ACTION ITEM:
Print the entries below exactly as they appear, from the first line up to and including the line with "AD810–Typical Characteristics NO". Do not print any pictures.

MATERIAL SUPPLIED:
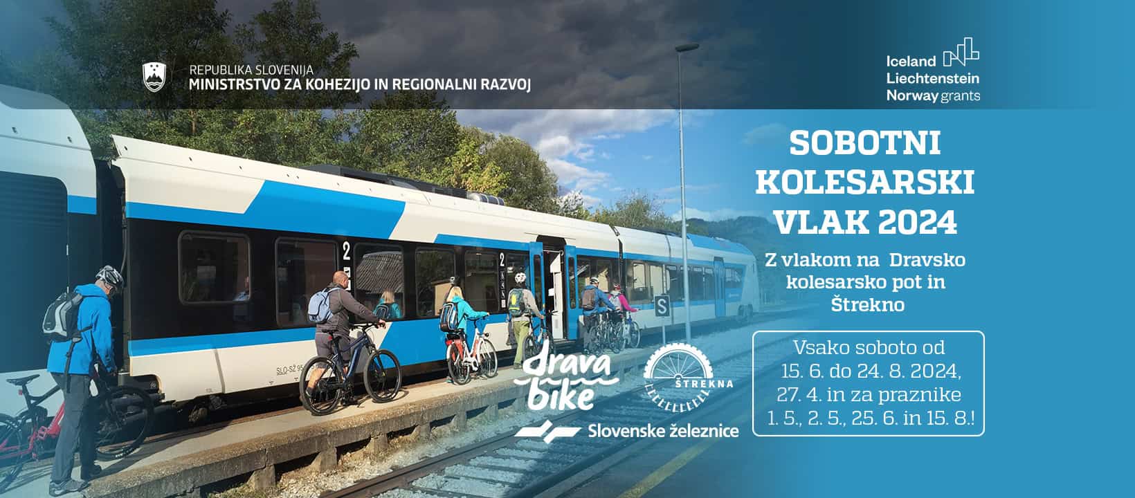 Sobotni kolesarski vlak na Koroški progi začenja redne sezonske vožnje, vlak pa bo vozil od danes, 15. junija in vse do 24. avgusta 2024. Prav tako bo vlak vozil na oba praznika, tako 25. junija, kot 15. avgusta 2024.
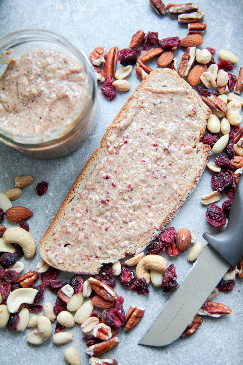 Dużo więc przy naszej 7 osobowej rodzinie schodzi tego masła. Mamy swoje ulubione pasty orzechowe kupne, ale sami tez lubimy je robić, bo można tu poeksperymentować ze smakami. Dzisiaj wersja z dodatkiem suszonej żurawiny. Zacna wyszła i warta wypróbowania. Polecam!
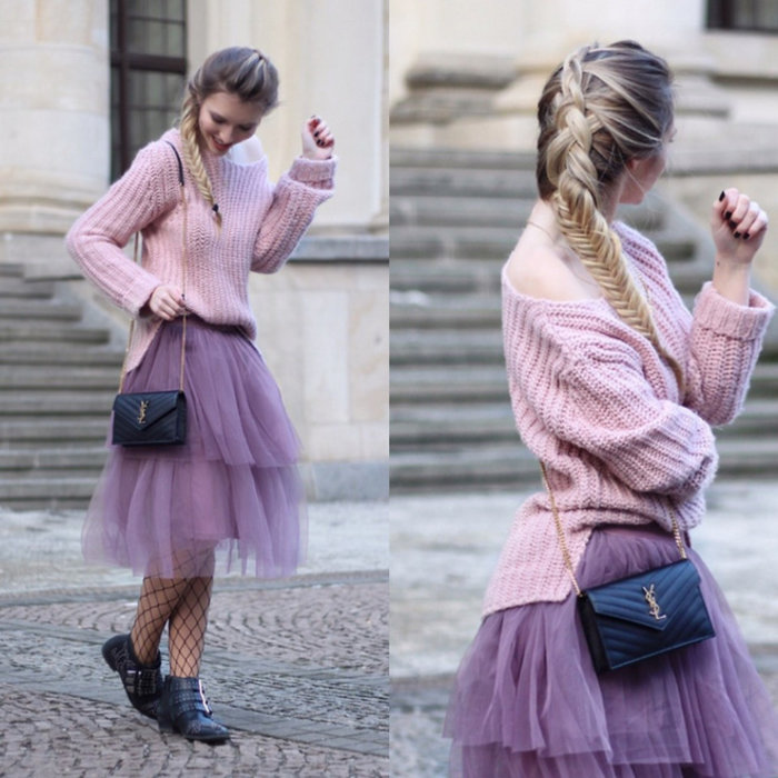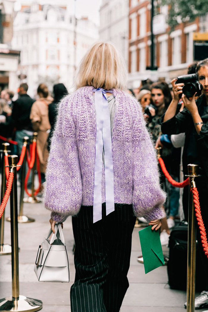 Một chiếc áo len màu tím cũng là gợi ý không tồi trong những ngày lạnh giá thế này.
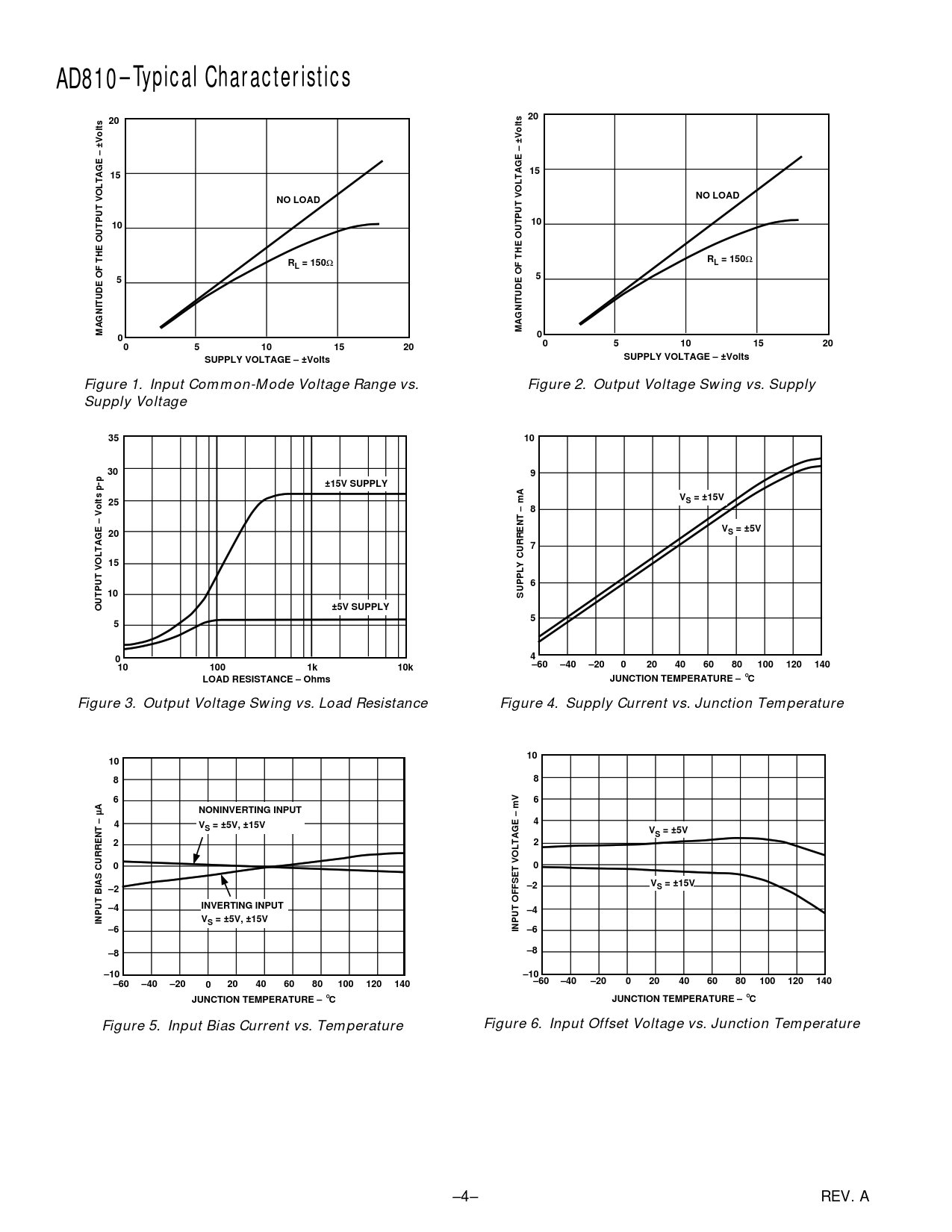 AD810–Typical Characteristics NO LOAD RL = 150 L = 150 MAGNITUDE OF THE OUTPUT VOLTAGE – ±Volts SUPPLY VOLTAGE – ±Volts
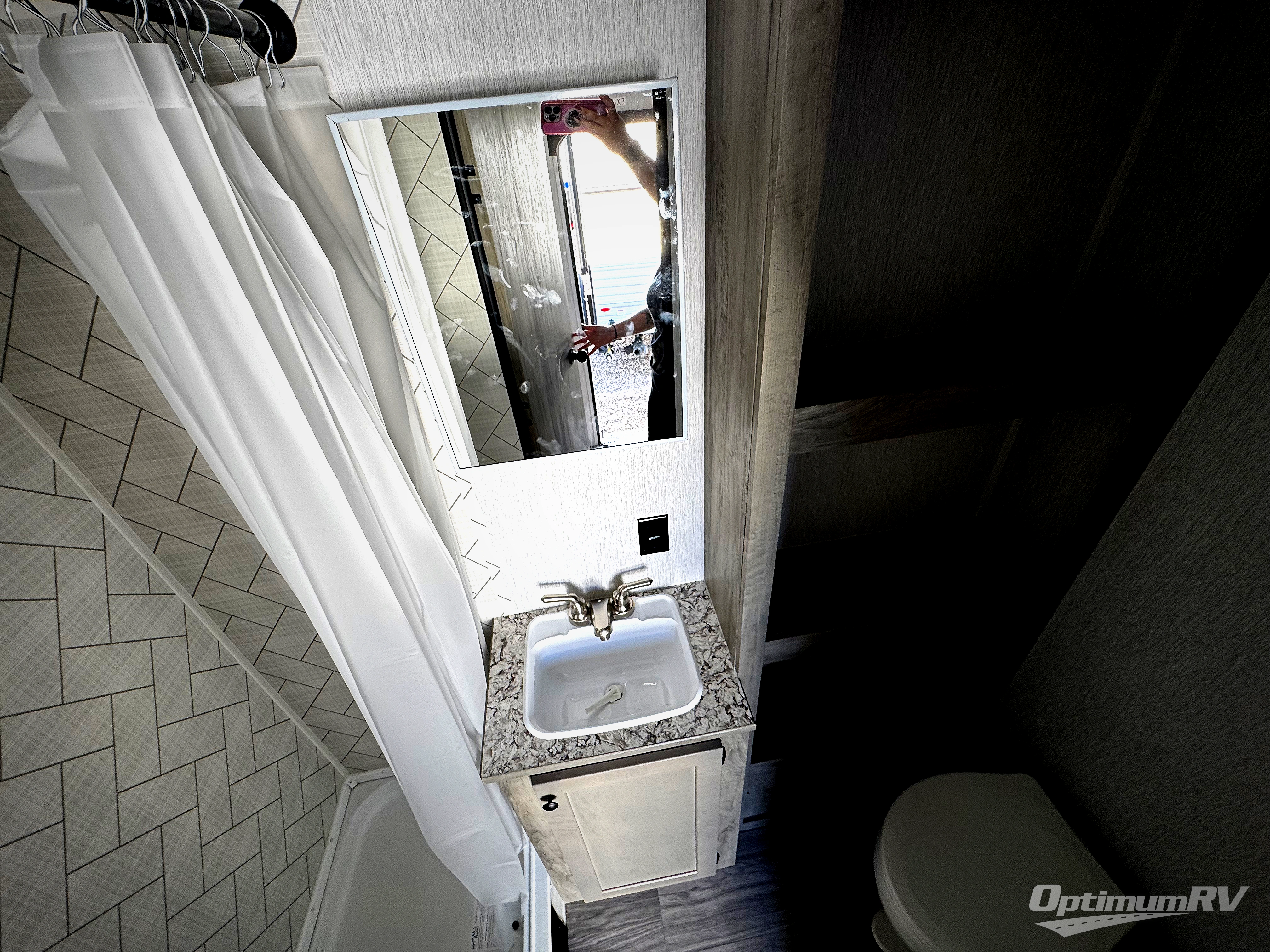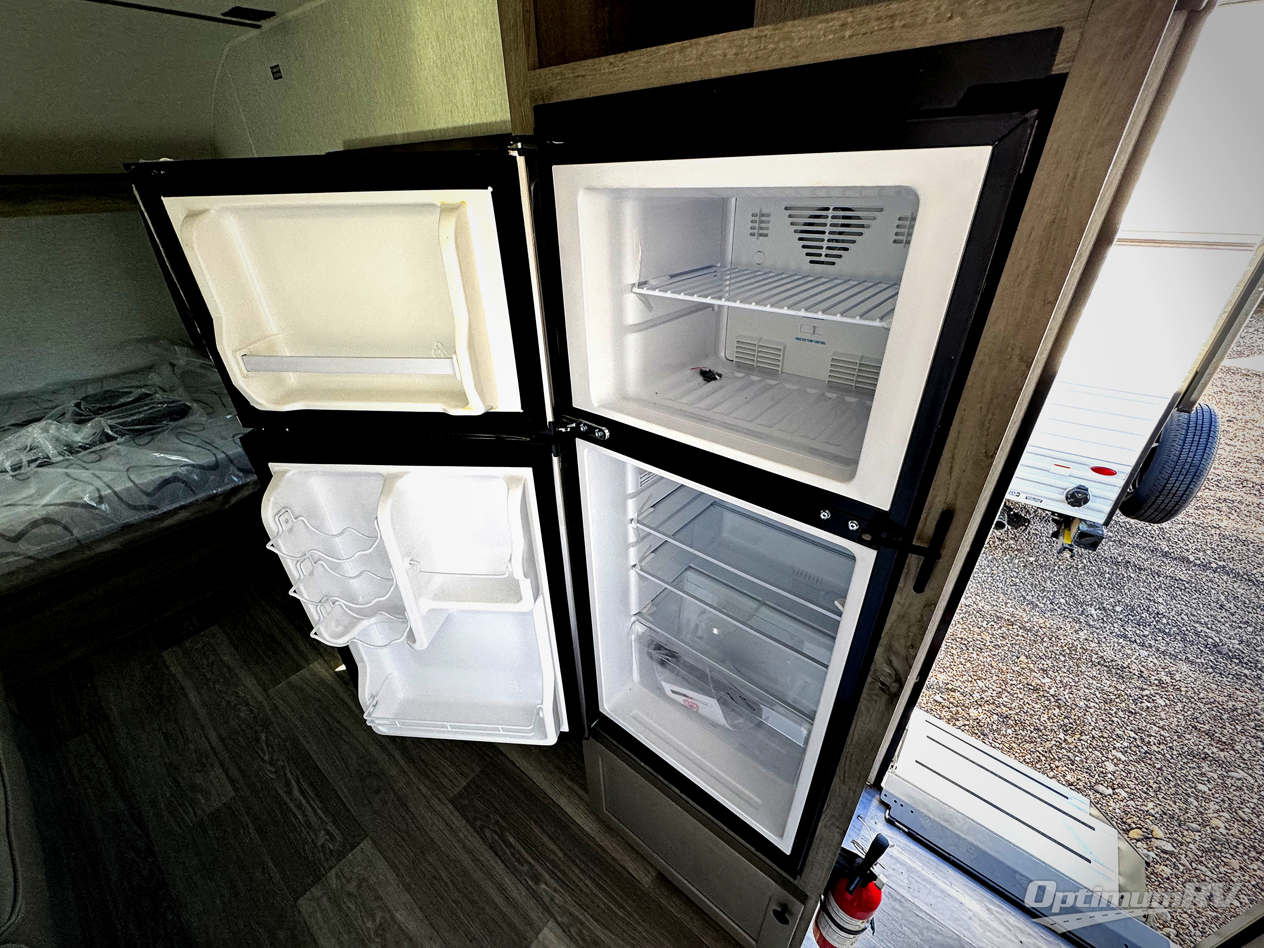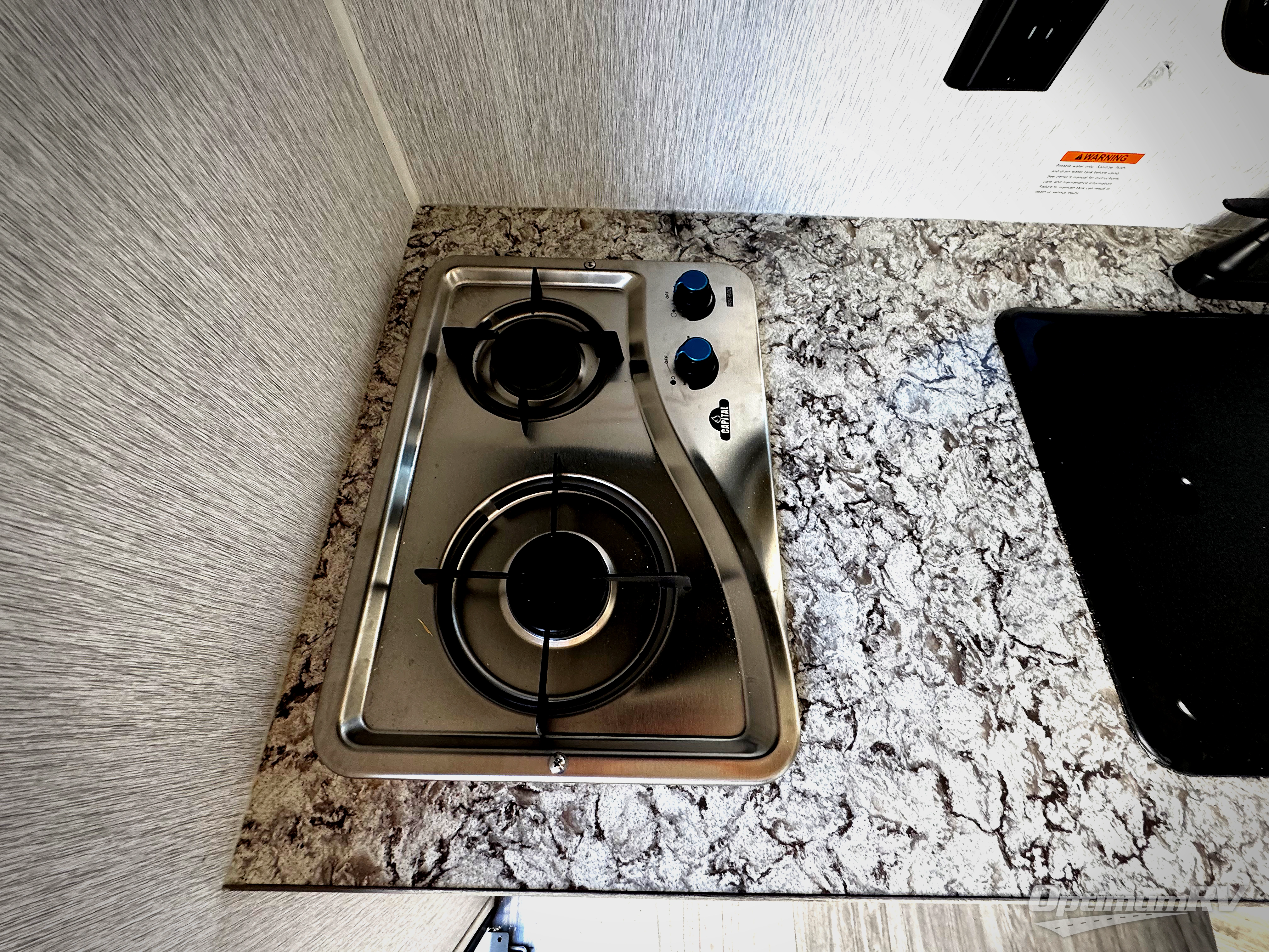You're going to love every minute spent in this cozy travel trailer for three happy campers! The rear corner kitchen includes a two burner stove and double sink for easy clean up, and the full bath is in the other rear corner. This model also includes a 4.3 cu. ft. 12V refrigerator and a bar top where you can enjoy your meals together each day. The 68" jiffy sofa provides a place to relax in the evenings, and an overnight guests can make their bed here at night. You will find the RV queen bed to be accommodating, especially with its shelf for your personal belongings and a closet for clothes!

OUTPUT FOR THIS EXERCISE:
 Sobotni kolesarski vlak na Koroški progi začenja redne sezonske vožnje, vlak pa bo vozil od danes, 15. junija in vse do 24. avgusta 2024. Prav tako bo vlak vozil na oba praznika, tako 25. junija, kot 15. avgusta 2024.
 Dużo więc przy naszej 7 osobowej rodzinie schodzi tego masła. Mamy swoje ulubione pasty orzechowe kupne, ale sami tez lubimy je robić, bo można tu poeksperymentować ze smakami. Dzisiaj wersja z dodatkiem suszonej żurawiny. Zacna wyszła i warta wypróbowania. Polecam!
 Một chiếc áo len màu tím cũng là gợi ý không tồi trong những ngày lạnh giá thế này.
 AD810–Typical Characteristics NO LOAD RL = 150 L = 150 MAGNITUDE OF THE OUTPUT VOLTAGE – ±Volts SUPPLY VOLTAGE – ±Volts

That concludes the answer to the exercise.